In the past two years, the crypto industry has undergone earth-shaking changes, especially the Bitcoin ecosystem, which has shown a new ecological feature.This is not only reflected in the emergence of the BTC Layer 2 network that carries TVL (now that Bitcoin can participate in on-chain DeFi activities, whether it is lending, stablecoins, or innovative models such as Solv Protocol, CeDeFi, etc.), and the BTC chain that hopes to obtain passive returnsPlayers, as well as a new group of active on-chain users, have gradually formed an ecosystem and infrastructure around these players.

New demands come with new track opportunities.The scale of Bitcoin assets is much larger than Ethereum and stablecoins, so the growth of Bitcoin total value lock-in (TVL) and the growth of funds participating in specific products will bring amazing volume.Shenyu believes that the BTCFi track has great potential and has not been fully developed yet and the market size is very considerable.In the short term, the total market value of BTCFi is expected to reach tens of billions of dollars, even exceeding the historical highest level of the Ethereum ecosystem; in the long term, the total market value of BTCFi is expected to exceed the trillion dollar mark.
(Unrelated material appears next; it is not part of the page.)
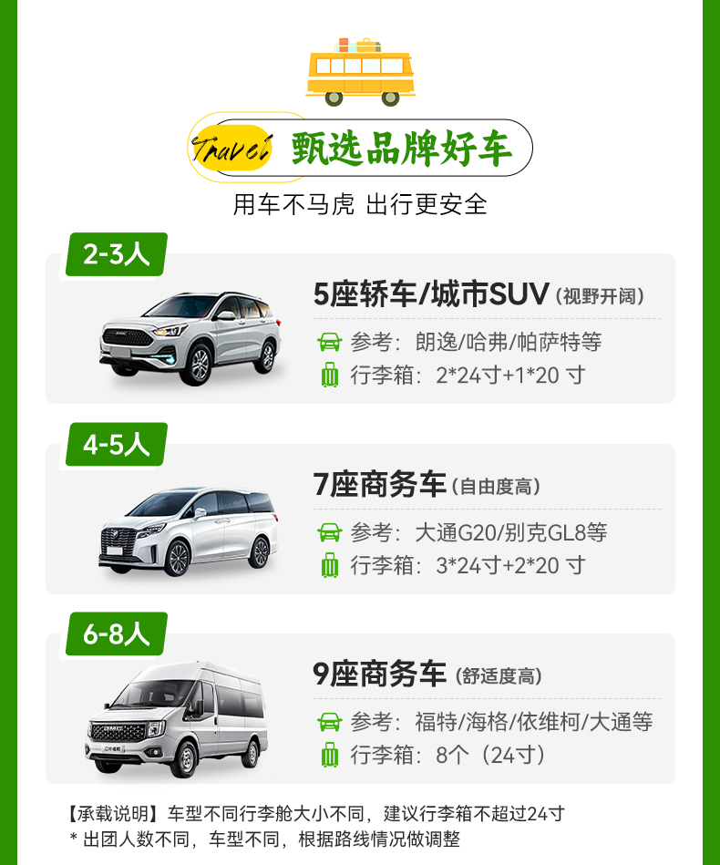 注:以上行程时间及顺序供参考,受天气、交通、景区调控及队员体能等不同影响有可能会调整,以领队实际安排为准。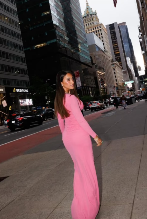 En el evento neoyorquino, epicentro de la moda mundial, Roccuzzo eligió un vestido ajustado al cuerpo, de mangas largas y con un pronunciado escote en V, donde pequeños pliegues en el torso aportaron dinamismo a la silueta. La elección del rosa intenso no solo reafirmó su conexión con la estética Barbiecore —que resignifica el color como símbolo de fuerza y sofisticación— sino que también rindió un sutil homenaje a los colores del equipo de su esposo.

In this issue of Cobo X Space, players from all parties of BTC have gathered together to discuss “not only HODL, but also the possibility of fully unlocking 10 billion US dollars of BTCFi.”The BTC ecosystem, which is blooming in all directions, is showing new diversity characteristics, user group stratification and population portraits.
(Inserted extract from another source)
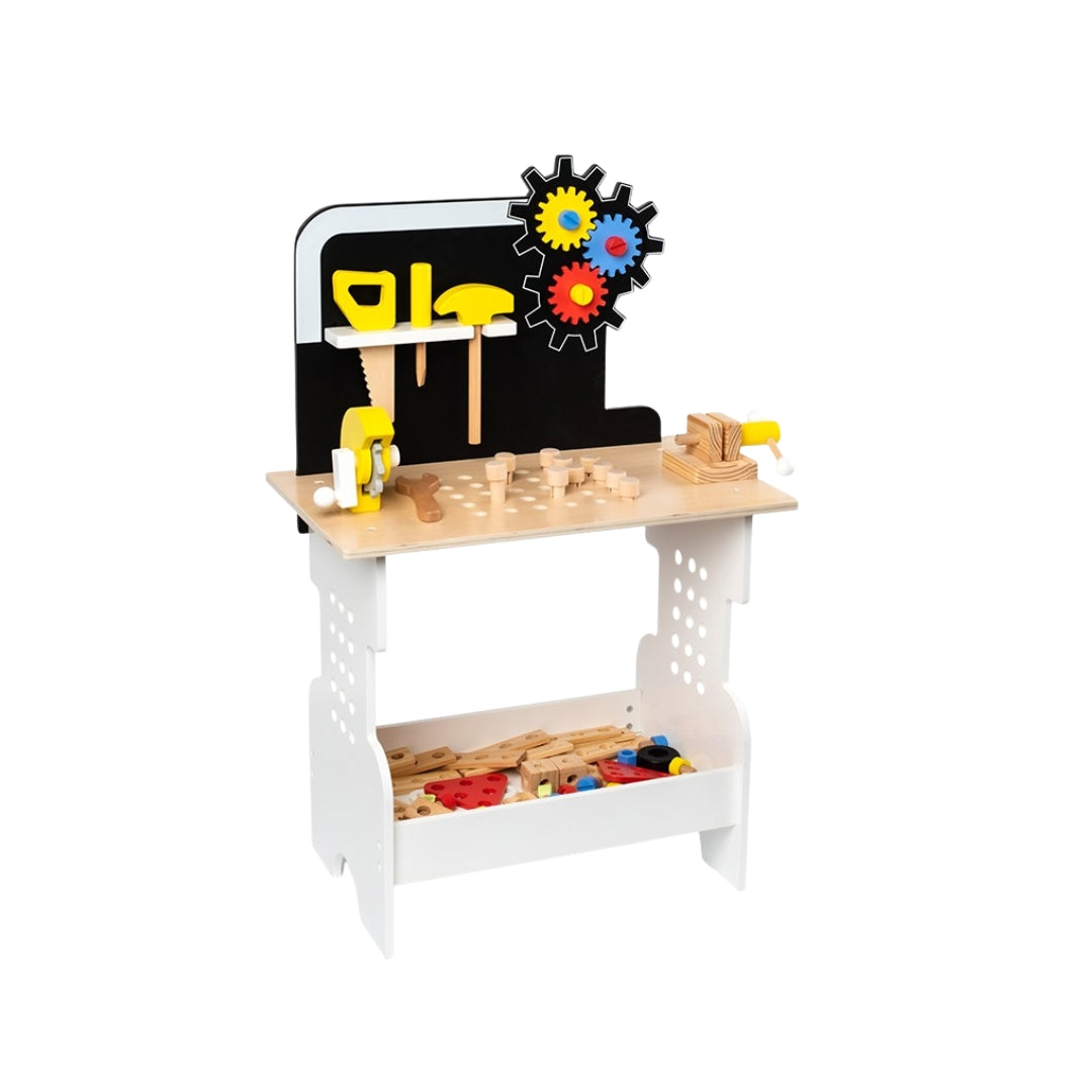 The Tool Table Black is a stylish and sturdy wooden workshop playset designed to inspire creativity and hands-on learning. Perfect for little builders, this pretend play tool bench comes with realistic wooden tools that help children develop fine motor skills, problem-solving abilities, and hand-eye coordination.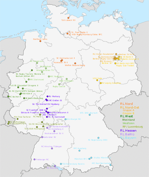 RL North DSV 78 Hannover II • FC St. Pauli II • Northern Lions • SC Germania List II • SG Hamburg Exiles RFC/Hamburger SV • TuS Lübeck 1893 • Welfen Braunschweig | RL North-East Group A | RL West Rhineland Division | RL Hesse BSC Offenbach • Eintracht Frankfurt • RK Heusenstamm II • RU Marburg • SC Frankfurt 1880 III • SG TSV Krofdorf-Gleiberg/SC Riedberg • TG 75 Darmstadt • URC Gießen 01 | RL Baden-Württemberg Freiburger RC • Karlsruher SV • Neckarsulmer SU II • RC Konstanz • RC Hirschau Tübingen • RG Heidelberg II • TSV Handschuhsheim II | RL Bayern BTS 1861 Bayreuth • München RFC II • RC Regensburg 2000 • RFC Augsburg e.V. • RFC Bad Reichenhall • StuSta München II • TSB Ravensburg Raven s • Würzburger RK 2012 e.V. |

Merlin Chain Founder JeffIt is believed that the active users on the BTC chain are about the order of hundreds of thousands to one million.Unlike Ethereum players, the BTCFi ecosystem has nurtured a group of new types of Bitcoin on-chain users.They don’t care about Gas fees, but focus more on discovering potential assets, especially inscriptions, runes and Meme players. They are passionate about Bitcoin culture and fair issuance concepts, eager for equal profit opportunities, high activity and loyalty, and tend to be highIt has high risk and is more familiar with the use of Bitcoin wallets, but instead feels that Ethereum wallets such as MetaMask are more difficult to use.In terms of attracting large investors and high net worth users, the potential market size and unit price may surpass Ethereum, and the total value lock-in quota may also be higher.The rise of this group of users may inject new vitality into the Bitcoin ecosystem.

In addition to the new types of active chain users, another mainstream user group of BTCFi is institutions and large users.They hold a large amount of Bitcoin in their hands, hoping to obtain solid returns through passive means.However, the market has not yet provided a suitable way to add value, and most of the Bitcoin assets are still lying in cold wallets and not being used.
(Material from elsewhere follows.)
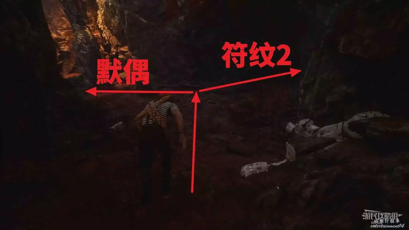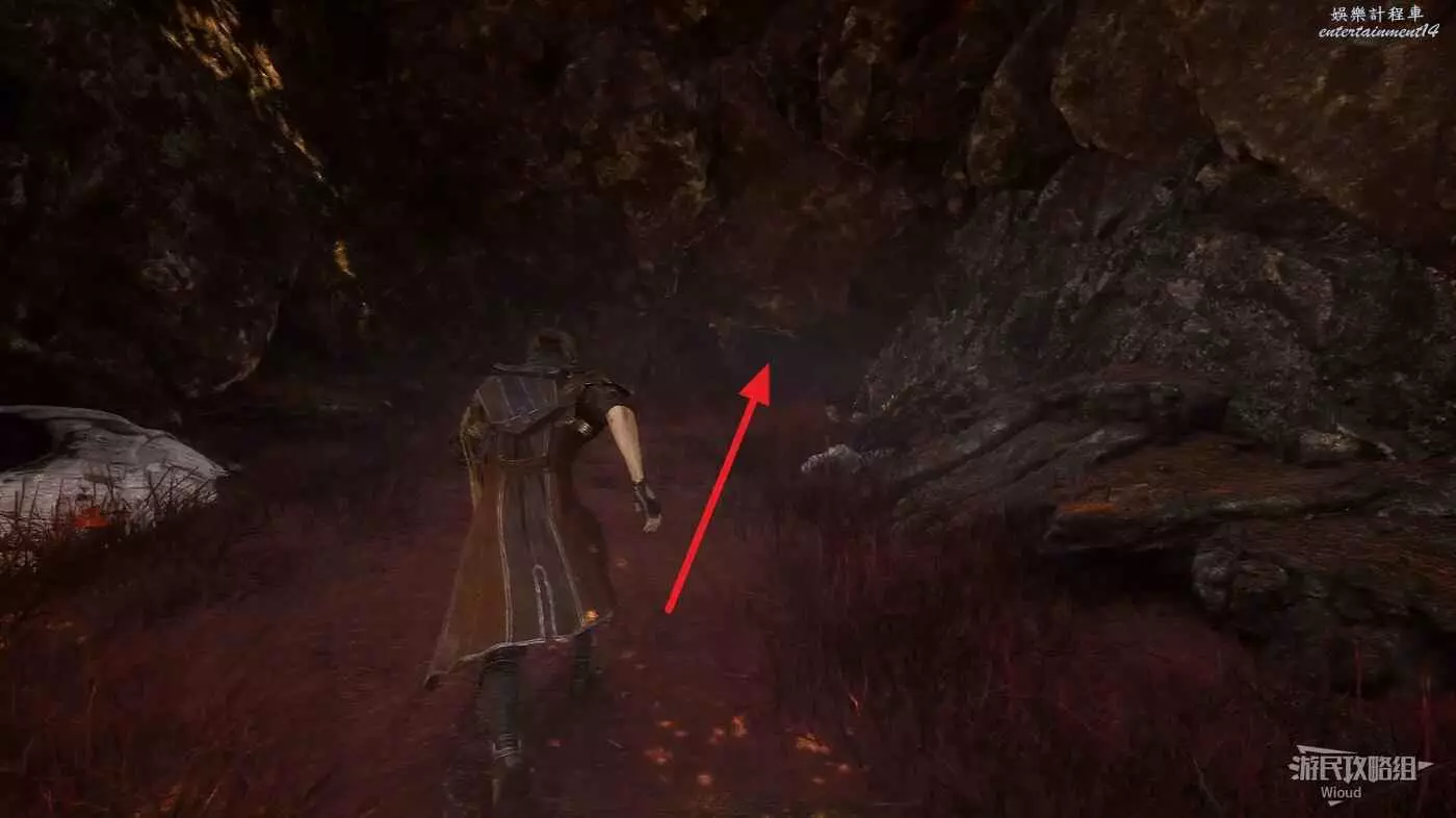 經過一個倒塌的石柱後立刻右拐,鑽前面狗洞。

How to explore this part of the market demand,Let institutions, large accounts and some individual users better utilize the underlying infrastructure of the Bitcoin ecosystem and revitalize the tens of billions of US dollars of BTC assets sleeping in cold wallets. This will be a key issue that needs to be paid attention to in the development of BTCFi.

Big Bitcoin investors and institutional users are inherently more sensitive to risks.In order to capture the needs of this part of BTC users,Cobo Co-founder and CEO ShenyuI think the following points need to be considered:

  • In the long run, as user demand surges,The development and technological upgrade of Bitcoin scripting language will be gradually improved within the next 3-5 years, and ultimately achieve a fully decentralized and license-free solution.But in the transitional stage before this, we will see a large number of multi-party co-management solutions based on multi-party computing (MPC) technology emerge.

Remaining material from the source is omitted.